Following on from the decision of credit card companies to “flag” sales made at gun stores, we have this development:

Twenty-four Republican attorneys general sent a letter to Visa, Mastercard, and American Express Tuesday warning them to drop plans to code and compile gun sales in America.

The new code will not protect public safety. Categorizing the constitutionally protected right to purchase firearms unfairly singles out law-abiding merchants and consumers alike. First, efforts to track and monitor sales at gun stores would only result in vague and misleading information. This categorization would not recognize the difference, for example, between the purchase of a gun safe and a firearm. Nor would it capture firearm purchases made at department stores, resulting in arbitrarily disparate treatment of “gun store” merchants and consumers.

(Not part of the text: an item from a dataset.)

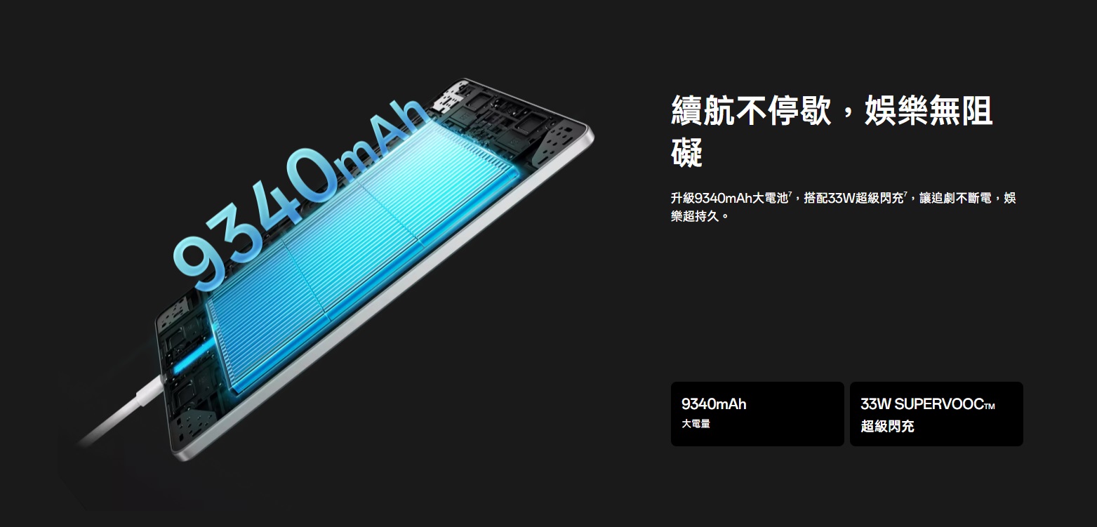 電池容量達 9340mAh,搭配 33W 快充,在同價位中算是相當有誠意,加上智慧休眠保電模式,長時間放著不用也不太掉電,非常適合「不是每天用,但需要時隨時能開機」的情境。
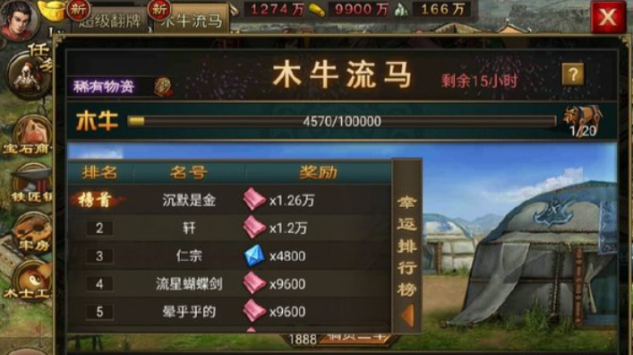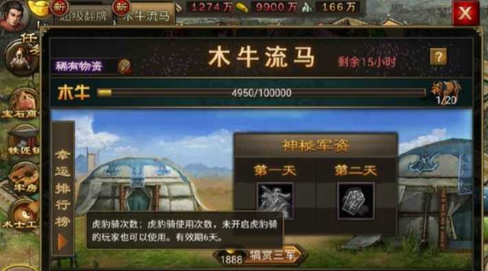 拿到木牛流马这种稀有物资,咱们得先了解它是干啥用的。这玩意儿在游戏里可是个宝贝,能帮咱们提升战力,还能在军团调动和资源配送时派上大用场。它的特效也挺特别,不过具体效果得看你怎么用。一般来说,木牛流马属于限时活动奖励,所以得抓住机会参与特定活动才能拿到手。

More importantly, purposefully tracking this information can only result in its misuse, either unintentional or deliberate. Creating and tracking this data only matters if your institutions are considering using that information to take further, harmful action—like infringing upon consumer privacy, inhibiting constitutionally protected purchases by selectively restricting the use of your payment systems, or otherwise withholding your financial services from targeted “disfavored” merchants.

And my favorite part:

Social policy should be debated and determined within our political institutions. Americans are tired of seeing corporate leverage used to advance political goals that cannot muster basic democratic support. The Second Amendment is a fundamental right, but it’s also a fundamental American value. Our financial institutions should stop lending their market power to those who wish to attack that value.

Be advised that we will marshal the full scope of our lawful authority to protect our citizens and consumers from unlawful attempts to undermine their constitutional rights. Please keep that in mind as you consider whether to proceed with adopting and implementing this Merchant Category Code.

Give it to the bastards good and hard, boys and girls.  Make ’em sweat, and make ’em bleed if they ignore you.

Legal Strangulation

Oh, this is nice:

Gabby Giffords’ gun control group, Giffords, is calling on major credit card companies to flag gun and ammunition purchases.

Before I get stuck into this, let me just ask the relevant question first:  who gets control of the “flagged” purchases?

Because if it’s you, or the police, or anyone other than Gun Owners of America, you can all get fucked.

Of course, BankWoke will be only too pleased to get into Giffords’ rancid panties because #AllGunsAreEvil, and there isn’t a single bank that I know who would go against the Big Banks if they decided to do this.  (I wish Nolan Ryan’s R Bank would, but they don’t have any branches around here.  When they do… I’m gone.)

On a more cheery note:

On March 9, 2018, Breitbart News reported that Visa refused to succumb to the pressure, noting that it is not the credit card company’s job to “[set] restrictions on the sale of lawful goods and services.”

And as long as they do, I’ll continue to use Visa.